[Stored entries]
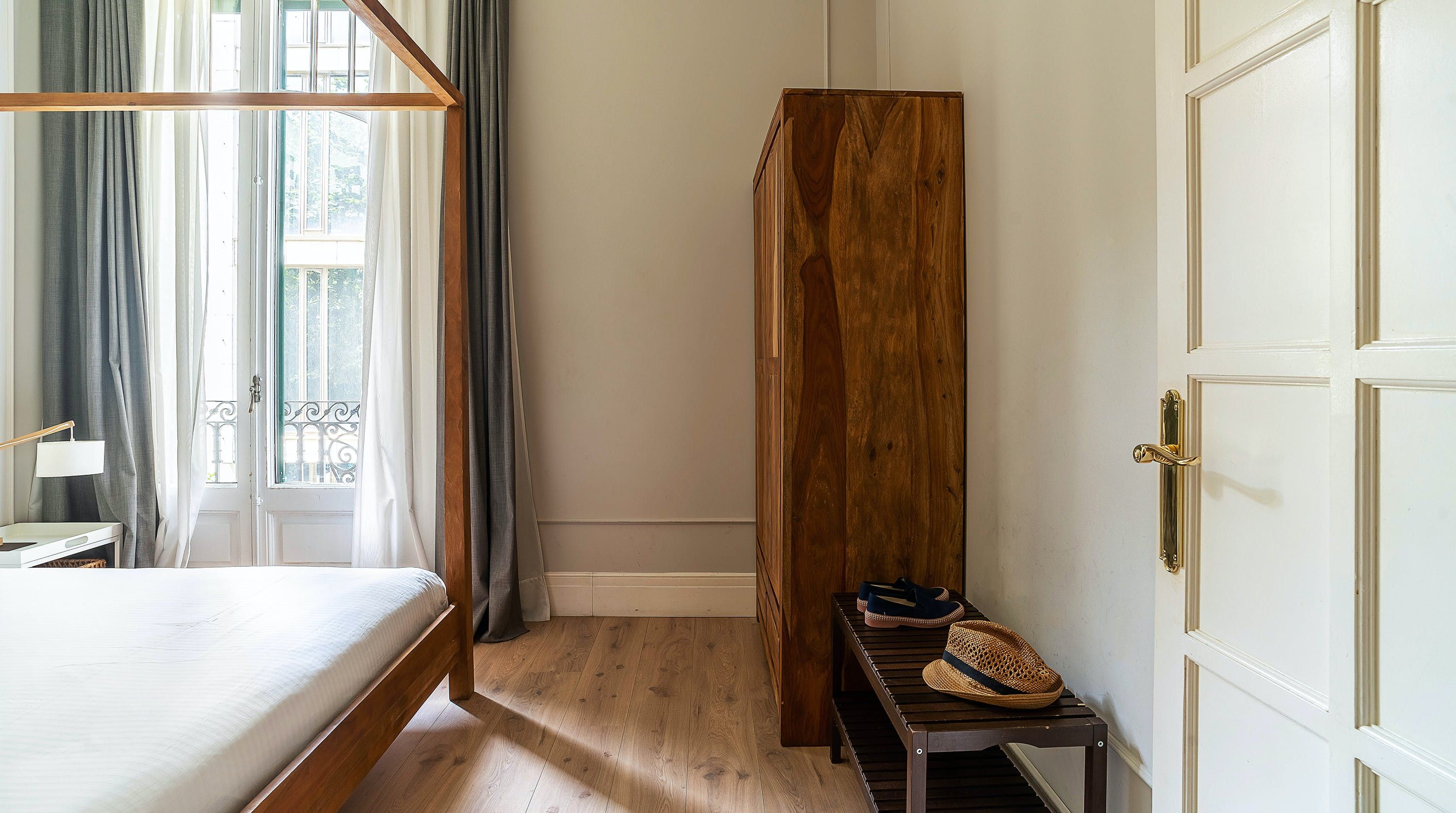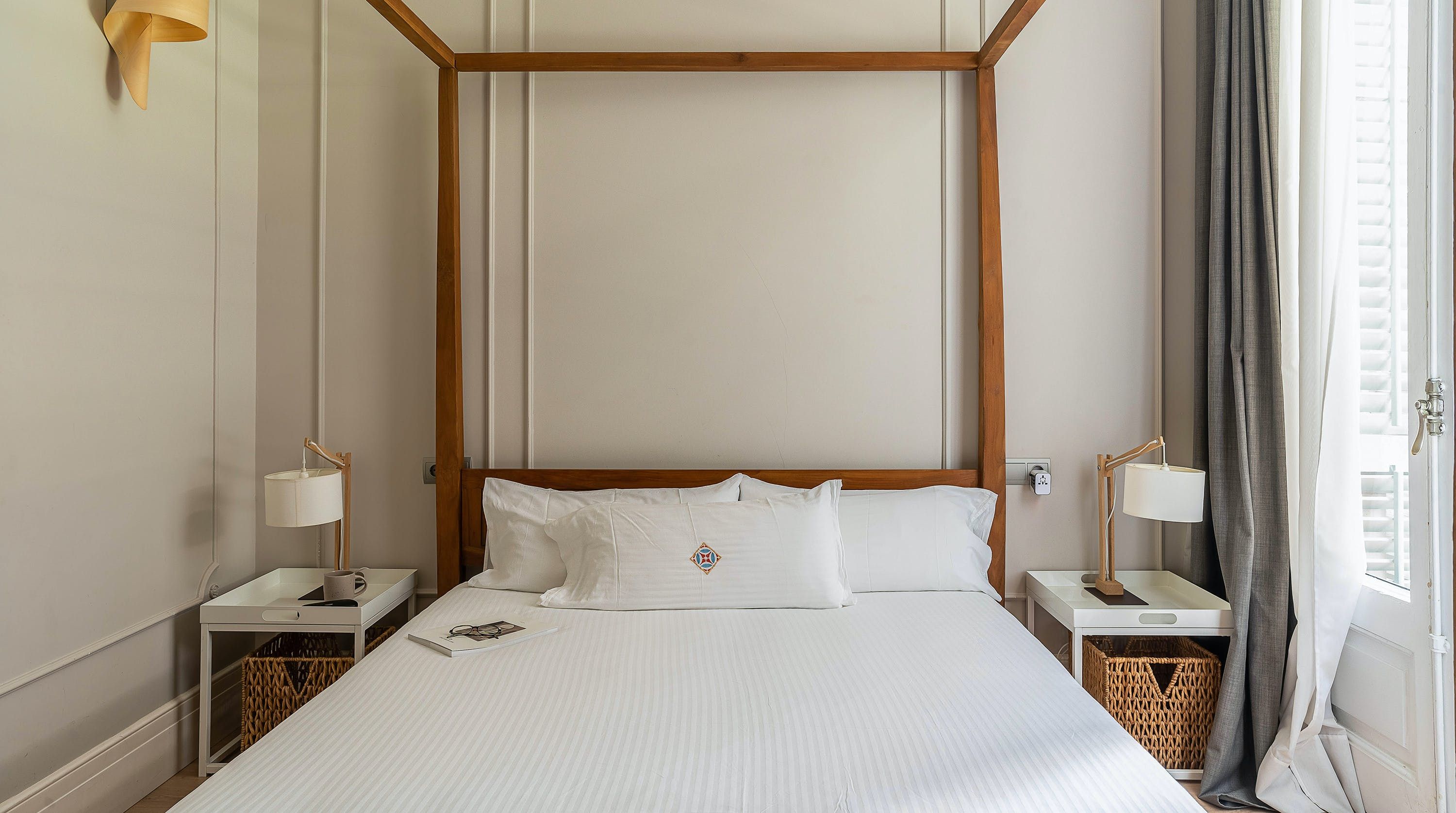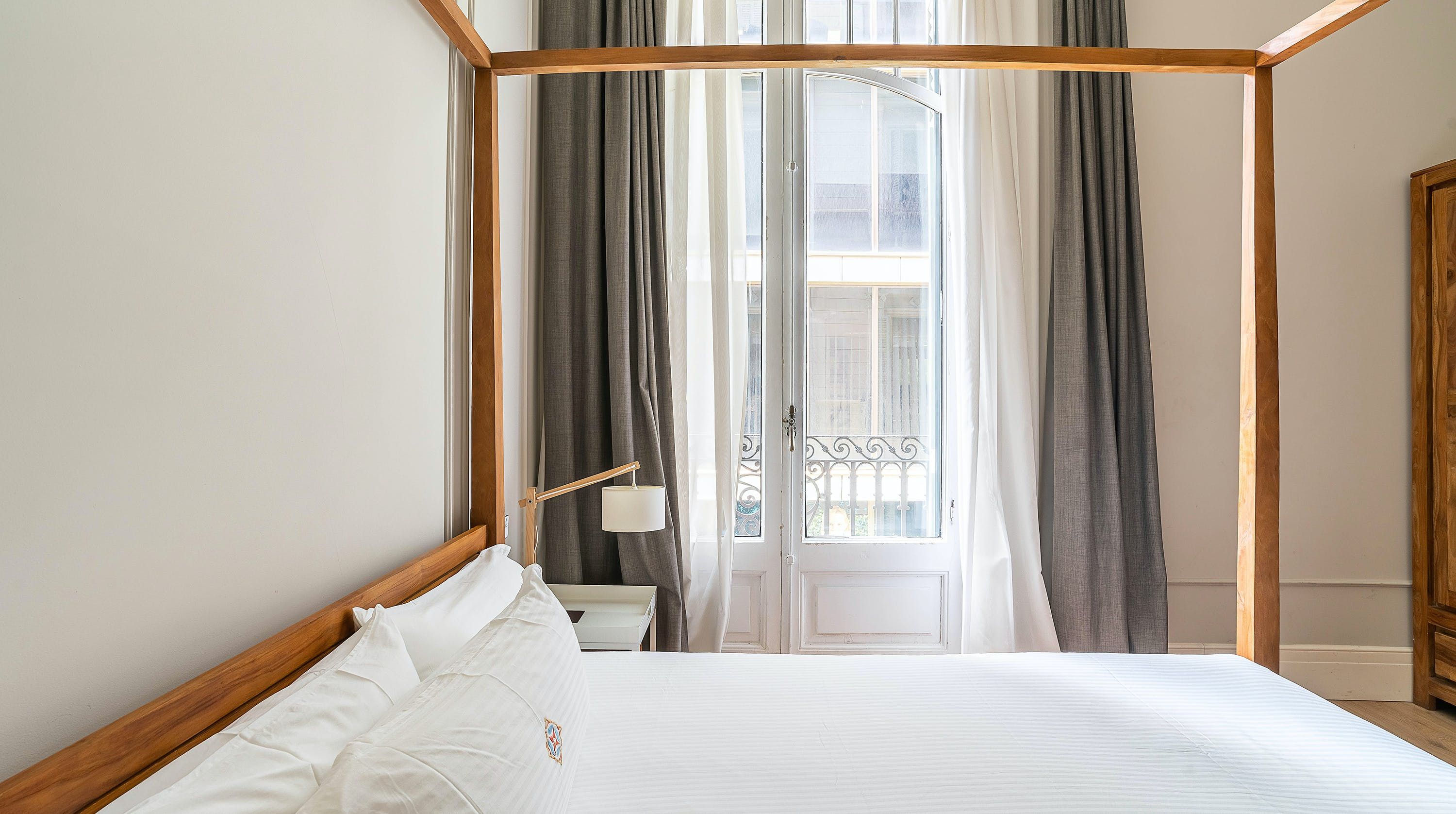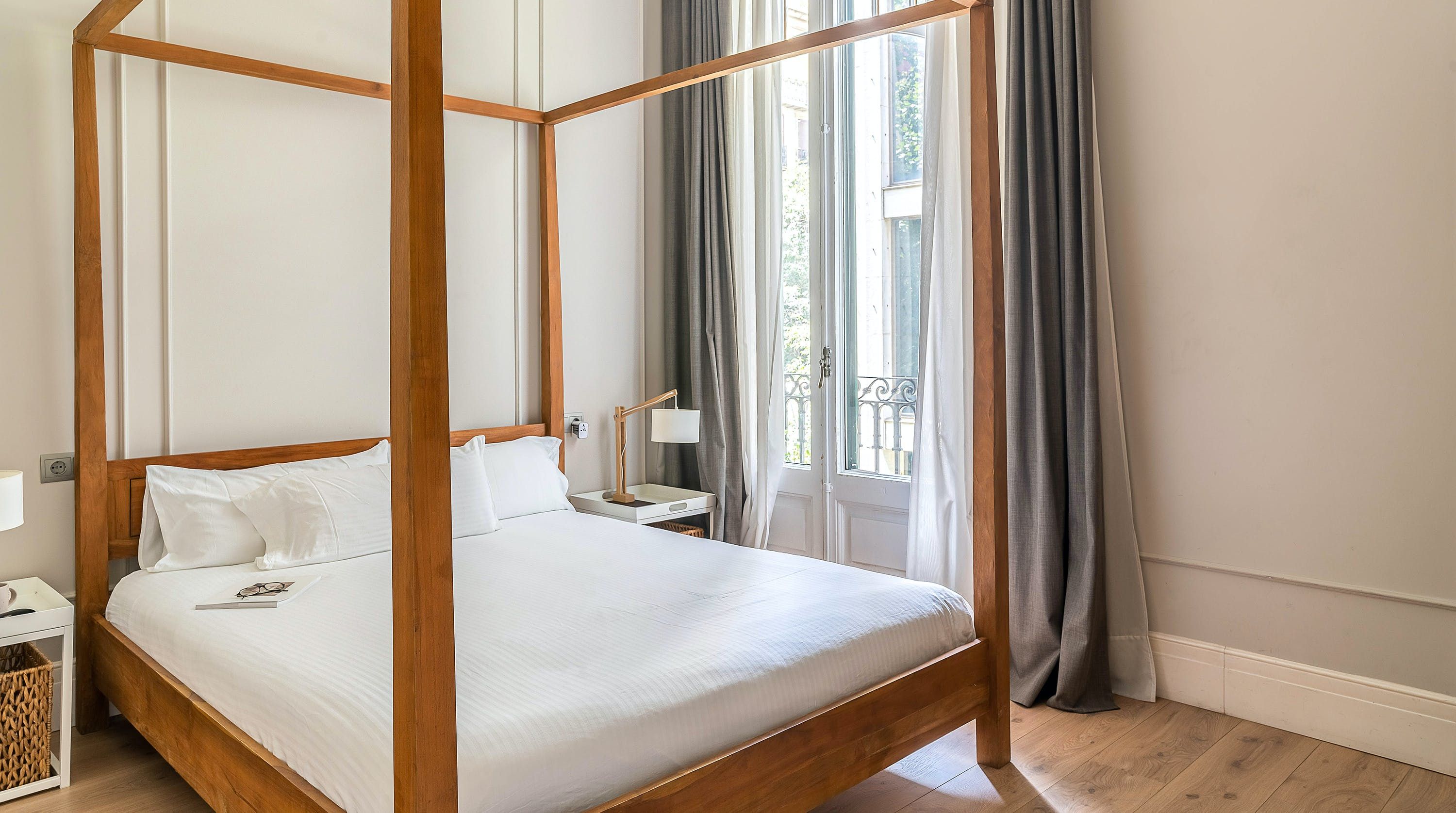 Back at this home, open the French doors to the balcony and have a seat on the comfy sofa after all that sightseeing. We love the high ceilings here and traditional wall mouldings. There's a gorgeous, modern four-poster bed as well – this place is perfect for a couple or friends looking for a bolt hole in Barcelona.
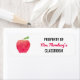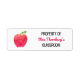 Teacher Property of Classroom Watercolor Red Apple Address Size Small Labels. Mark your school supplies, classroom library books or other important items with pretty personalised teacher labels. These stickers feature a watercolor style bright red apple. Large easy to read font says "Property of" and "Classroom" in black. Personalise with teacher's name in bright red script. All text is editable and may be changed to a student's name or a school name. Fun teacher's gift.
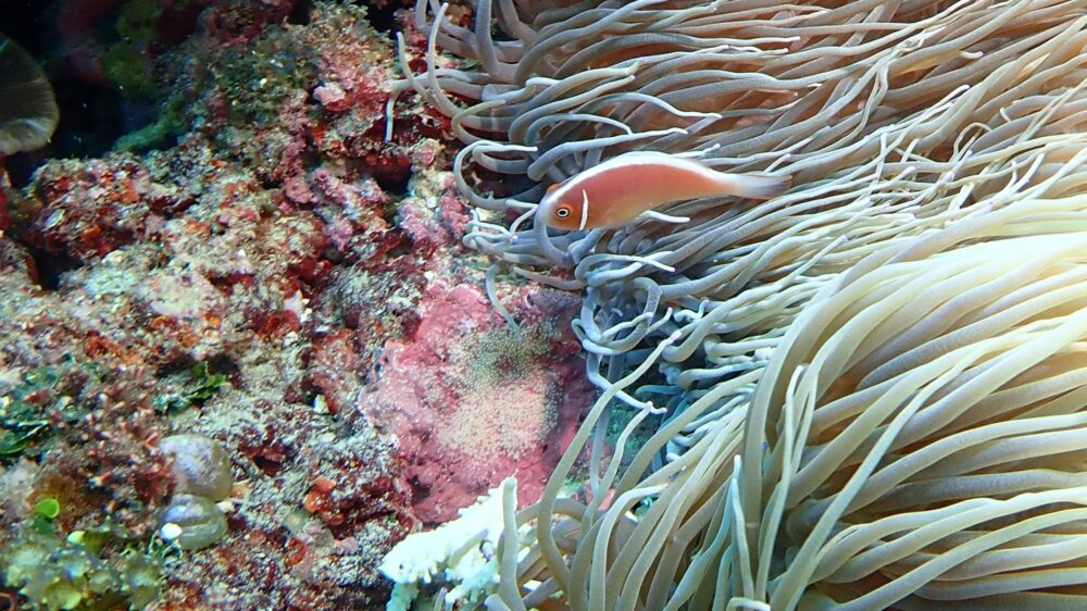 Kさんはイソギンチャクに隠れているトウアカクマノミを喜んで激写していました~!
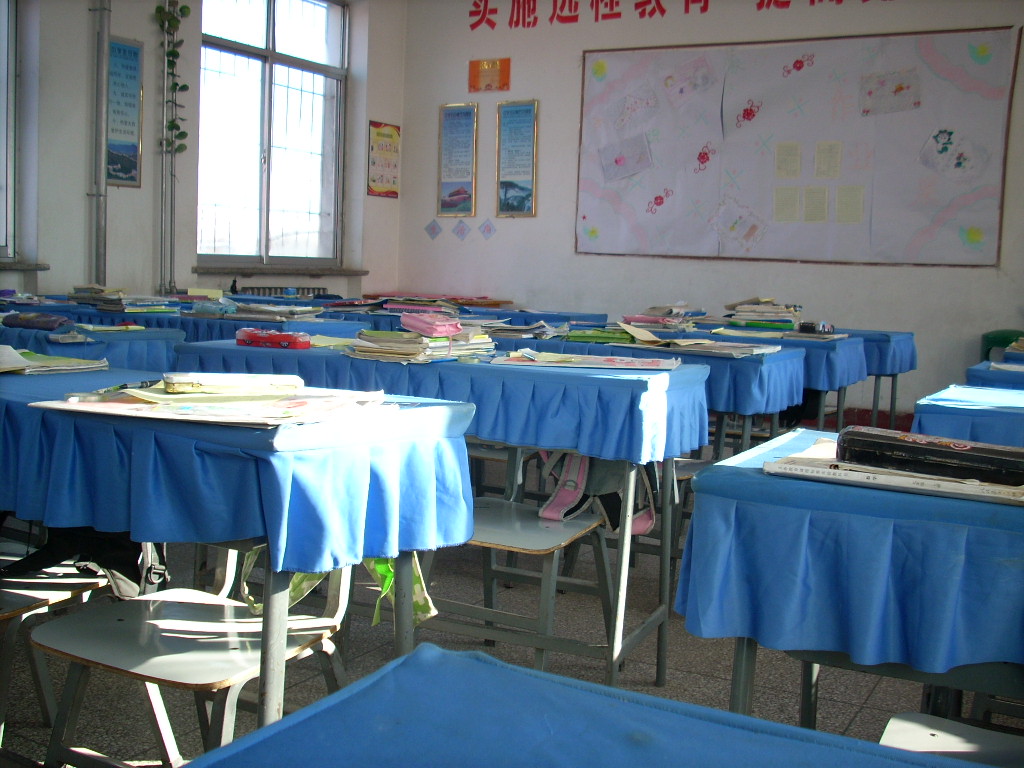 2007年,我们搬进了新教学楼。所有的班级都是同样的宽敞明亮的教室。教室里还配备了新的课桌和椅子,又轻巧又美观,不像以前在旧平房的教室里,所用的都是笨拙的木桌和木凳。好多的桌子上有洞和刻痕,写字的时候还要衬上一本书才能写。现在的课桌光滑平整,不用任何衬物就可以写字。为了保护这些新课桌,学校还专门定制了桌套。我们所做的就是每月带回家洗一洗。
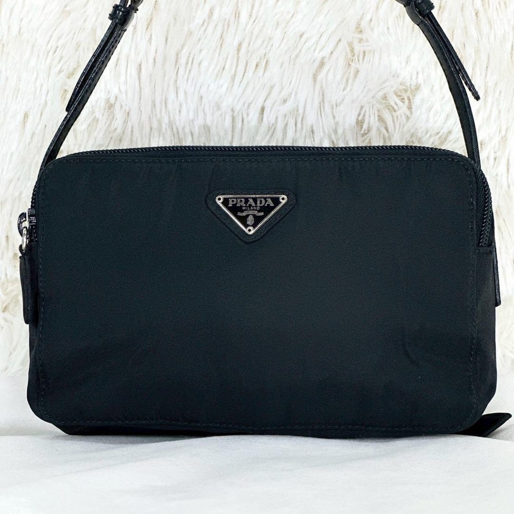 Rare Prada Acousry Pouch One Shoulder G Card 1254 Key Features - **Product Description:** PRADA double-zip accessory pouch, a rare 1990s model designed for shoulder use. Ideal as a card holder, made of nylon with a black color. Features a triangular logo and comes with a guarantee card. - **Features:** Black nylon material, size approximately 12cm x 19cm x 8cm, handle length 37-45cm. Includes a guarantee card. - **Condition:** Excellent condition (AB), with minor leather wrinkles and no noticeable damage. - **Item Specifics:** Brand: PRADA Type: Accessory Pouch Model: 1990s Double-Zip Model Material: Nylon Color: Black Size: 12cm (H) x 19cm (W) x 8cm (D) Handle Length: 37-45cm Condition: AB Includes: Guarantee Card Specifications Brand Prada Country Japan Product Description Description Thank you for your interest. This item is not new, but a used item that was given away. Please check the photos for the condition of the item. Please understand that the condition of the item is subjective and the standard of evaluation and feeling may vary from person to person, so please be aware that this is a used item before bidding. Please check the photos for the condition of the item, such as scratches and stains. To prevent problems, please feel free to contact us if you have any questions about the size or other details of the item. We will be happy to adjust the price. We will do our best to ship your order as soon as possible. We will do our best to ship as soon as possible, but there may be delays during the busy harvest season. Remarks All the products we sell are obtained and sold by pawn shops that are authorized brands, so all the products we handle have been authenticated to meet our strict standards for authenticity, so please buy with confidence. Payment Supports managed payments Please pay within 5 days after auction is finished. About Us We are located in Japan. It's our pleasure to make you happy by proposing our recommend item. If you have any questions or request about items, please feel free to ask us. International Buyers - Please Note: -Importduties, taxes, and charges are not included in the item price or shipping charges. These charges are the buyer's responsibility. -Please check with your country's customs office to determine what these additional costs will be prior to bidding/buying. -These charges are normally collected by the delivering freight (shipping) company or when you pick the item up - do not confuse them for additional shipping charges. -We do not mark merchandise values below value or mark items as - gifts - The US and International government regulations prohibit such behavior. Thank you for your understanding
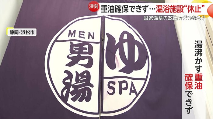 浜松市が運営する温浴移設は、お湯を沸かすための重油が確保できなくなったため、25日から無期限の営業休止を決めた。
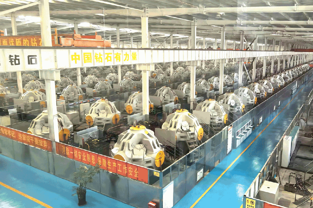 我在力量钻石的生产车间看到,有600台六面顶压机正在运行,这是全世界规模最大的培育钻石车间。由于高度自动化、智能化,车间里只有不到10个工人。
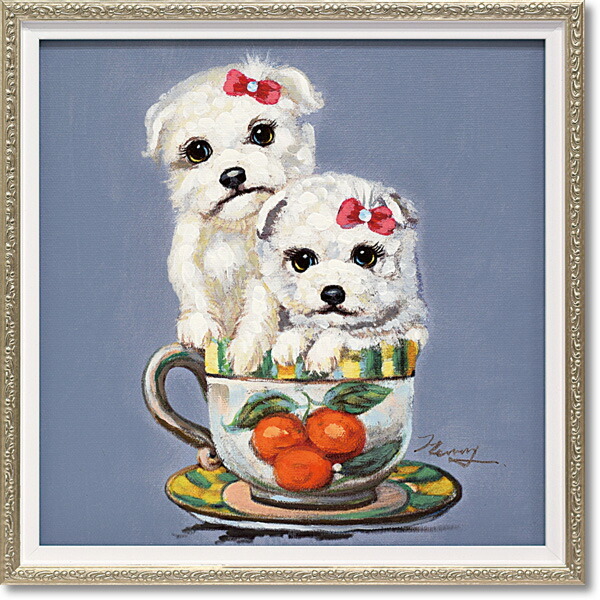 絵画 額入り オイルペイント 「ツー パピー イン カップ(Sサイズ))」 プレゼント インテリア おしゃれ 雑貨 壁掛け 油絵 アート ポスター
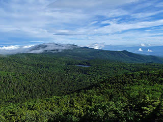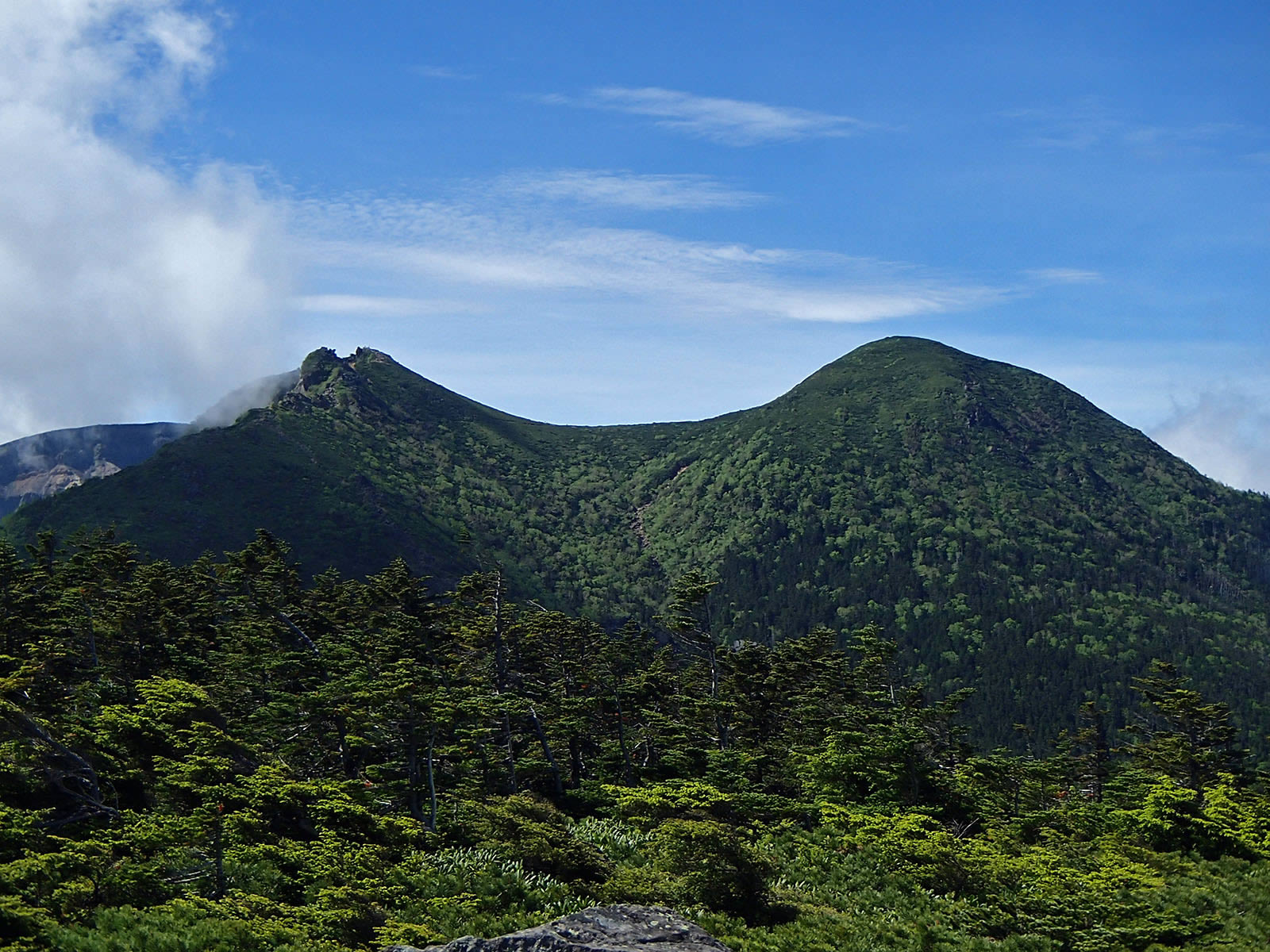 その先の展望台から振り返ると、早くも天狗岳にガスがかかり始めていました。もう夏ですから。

ASSIGNMENT:
Beginning with the line that contains "浜松市が運営する温浴移設は、" and ending with the last line of the entries above, repeat each line exactly, but not the pictures.

OUTPUT OF THE TASK:
 浜松市が運営する温浴移設は、お湯を沸かすための重油が確保できなくなったため、25日から無期限の営業休止を決めた。
 我在力量钻石的生产车间看到,有600台六面顶压机正在运行,这是全世界规模最大的培育钻石车间。由于高度自动化、智能化,车间里只有不到10个工人。
 絵画 額入り オイルペイント 「ツー パピー イン カップ(Sサイズ))」 プレゼント インテリア おしゃれ 雑貨 壁掛け 油絵 アート ポスター
 その先の展望台から振り返ると、早くも天狗岳にガスがかかり始めていました。もう夏ですから。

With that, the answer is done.